RACE MORNING OPENERS

20 minutes on the bike, morning of the event or day before, with 3x30sec at race pace. Wakes legs up without draining anything. That's it.

THE WEEK

A TYPICAL WEEK, 1 WEEKS OUT

Monday

45MIN Z1 + OPENERS (3X1MIN RACE PACE)

Legs awake, fatigue low.

Tuesday

REST OR 30MIN EASY

Focus on hydration + sleep.

Wednesday

60MIN WITH 4X30SEC RACE PACE

Final primer — nothing heroic.

Thursday

REST

Start carb-loading today.

Friday

30MIN EASY SPIN + OPENERS

Race check. Kit lay-out. Route review.

Saturday (race day -1)

20-30MIN VERY EASY

Or rest. Whichever calms nerves.

Race Day

EVENT

Pace it. Fuel it. Enjoy it.

DON'T DO THIS

Race-week mistakes are always additive — an extra hard session, extra volume, an unfamiliar food. Do less. The last week cannot make you fitter. It can absolutely make you slower.

EVENT INTEL

WHAT THE TRANS PYRENEES ACTUALLY DEMANDS

Trans Pyrenees is one of the hardest self-supported ultras in Europe — 1,500km from Biarritz to Barcelona (or reverse) across every major pass in the Pyrenees, with 35,000m of climbing. 6-9 day finishes. October weather unpredictable.

KEY CHARACTERISTICS

  • 35,000m climbing — that's 4× Everest across the event
  • Every HC and Cat 1 Pyrenean pass featured — Tourmalet, Aubisque, Aspin, Peyresourde, Porto
  • October weather: snow on passes, freezing rain, wind
  • Self-supported — you carry, you sleep where you can
  • Mandatory tracker, daily check-in times

COMMON MISTAKES

  • Treating it like Badlands (Mediterranean) — the Pyrenees are colder, wetter, mountainous
  • Underspecing kit — October above 1,800m needs winter gear
  • Sleep deprivation affecting descending safety on day 4+

PACING

Trans Pyrenees is a climbing-dominated ultra. Pace on the climbs — not the flats. Target sub-threshold on every pass, regardless of time pressure. Sleep 5-7 hours/day for sustainable progress. Check weather nightly and pick tomorrow's start time accordingly.

FUELLING

No aid stations. Resupply at open shops, cafés, petrol stations. 80-100g carbs/hour on the bike, with real food stops at cafés every 4-5 hours. Hot drinks at altitude pass points matter more than people expect. Carry extra gels for nighttime emergencies.

KIT

Full bikepacking kit. Dynamo hub for lights + devices. 32-35mm tyres with reinforcement. Waterproof jacket, waterproof gloves, waterproof socks. Bivvy + sleeping bag rated to 0°C. Emergency mylar blanket. Spare battery pack.

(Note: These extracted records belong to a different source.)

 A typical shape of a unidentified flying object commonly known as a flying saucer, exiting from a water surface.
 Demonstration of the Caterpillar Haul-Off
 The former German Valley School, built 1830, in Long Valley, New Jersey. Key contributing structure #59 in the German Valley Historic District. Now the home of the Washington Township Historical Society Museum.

WANT THIS BUILT AROUND YOUR FTP?

COACHED FOR YOUR EVENT.

Not Done Yet is the coached five-pillar system built around your actual event date. Personalised TrainingPeaks plan, weekly calls, expert masterclasses. 7-day free trial.

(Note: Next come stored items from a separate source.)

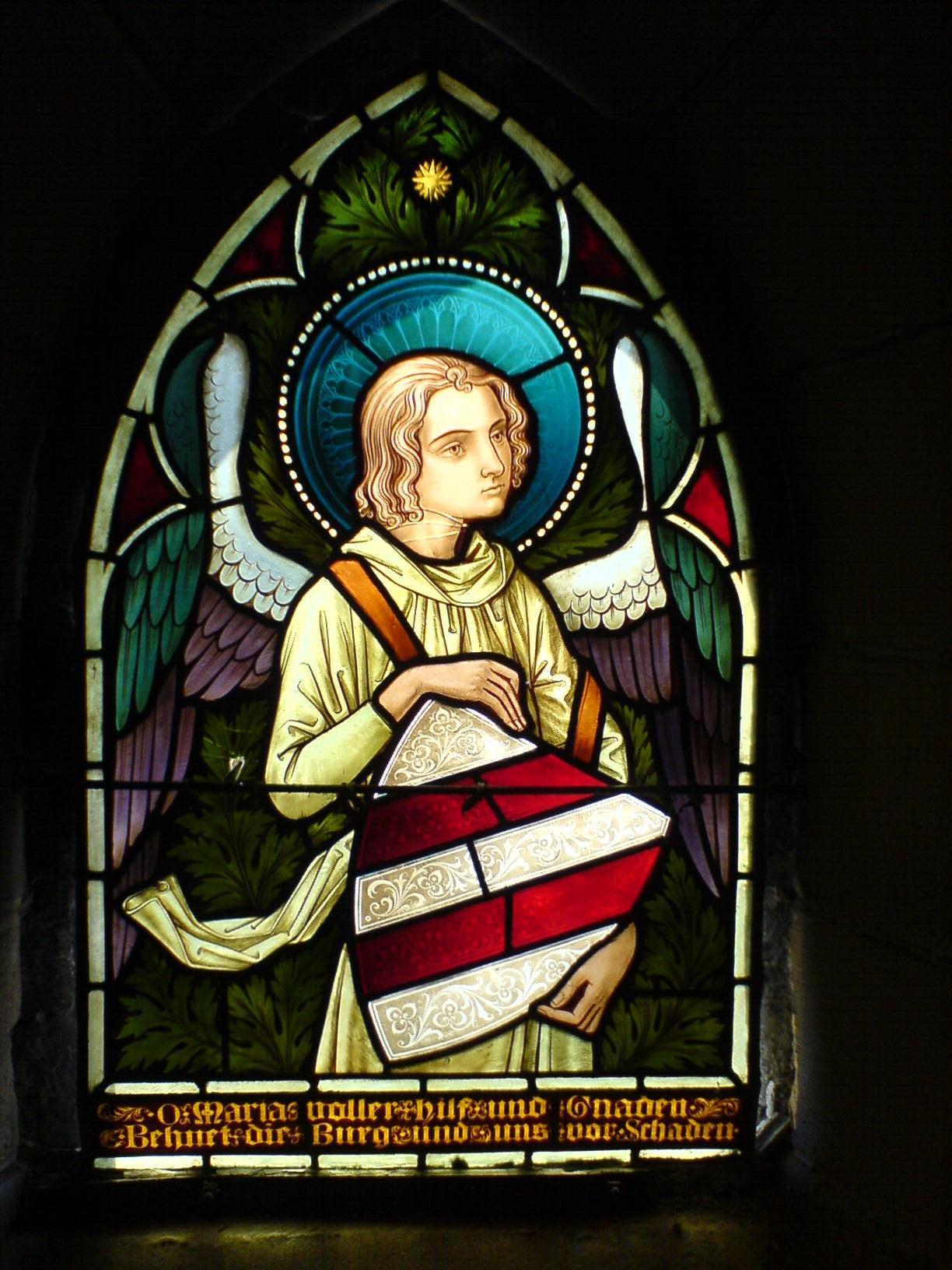 Stained glass in the Chappel of Eyneburg, Belgium.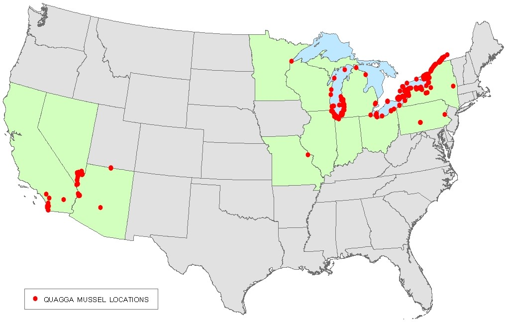 Map of the United States showing the distribution of Dreissena bugensis (quagga mussels)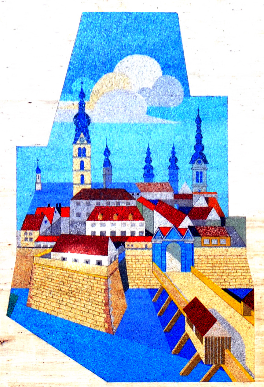 Fresco (showing the Voelkermarkter Tor of the old city wall before 1809), exposed on the house wall of the building on the Salmstrasse #1, Inner City of Carinthia`s capital Klagenfurt, Carinthia, Austria

$195/month · 7-day free trial · Cancel anytime

FAQ

COMMON QUESTIONS AT 1 WEEKS OUT

Is 1 weeks enough to train for the Trans Pyrenees?+

Race week is about showing up fresh. No new fitness gains possible in a week. Focus on sleep, hydration, carb loading 48-72 hours out, and mental prep. Any hard session this week costs you more than it gives.

What's the hardest part of the Trans Pyrenees?+

35,000m climbing — that's 4× Everest across the event. treating it like Badlands (Mediterranean) — the Pyrenees are colder, wetter, mountainous — so pacing discipline is the single biggest lever most amateurs miss. Trans Pyrenees is a climbing-dominated ultra.

How many hours a week should I train at 1 weeks out from the Trans Pyrenees?+

Drop to 6-8 hours with minimal intensity. The taper protects the fitness you've built rather than growing more. Short, sharp openers to keep legs awake. Nothing aerobically challenging.

Do I need a coach to train for the Trans Pyrenees?+

You don't need a coach to finish. You do need structure. If you're new to sportives, have a target finish time, have a plateau you can't break, or have a history of peaking wrong, a coached plan pays for itself. Inside Not Done Yet the plan is built backwards from your event date — base, build, peak, taper timed to the week the Trans Pyrenees runs. 7-day free trial, $195/mo.

What gearing should I run for the Trans Pyrenees?+

Full bikepacking kit. Dynamo hub for lights + devices. 32-35mm tyres with reinforcement. Waterproof jacket, waterproof gloves, waterproof socks. Bivvy + sleeping bag rated to 0°C. Emergency mylar blanket. Spare battery pack.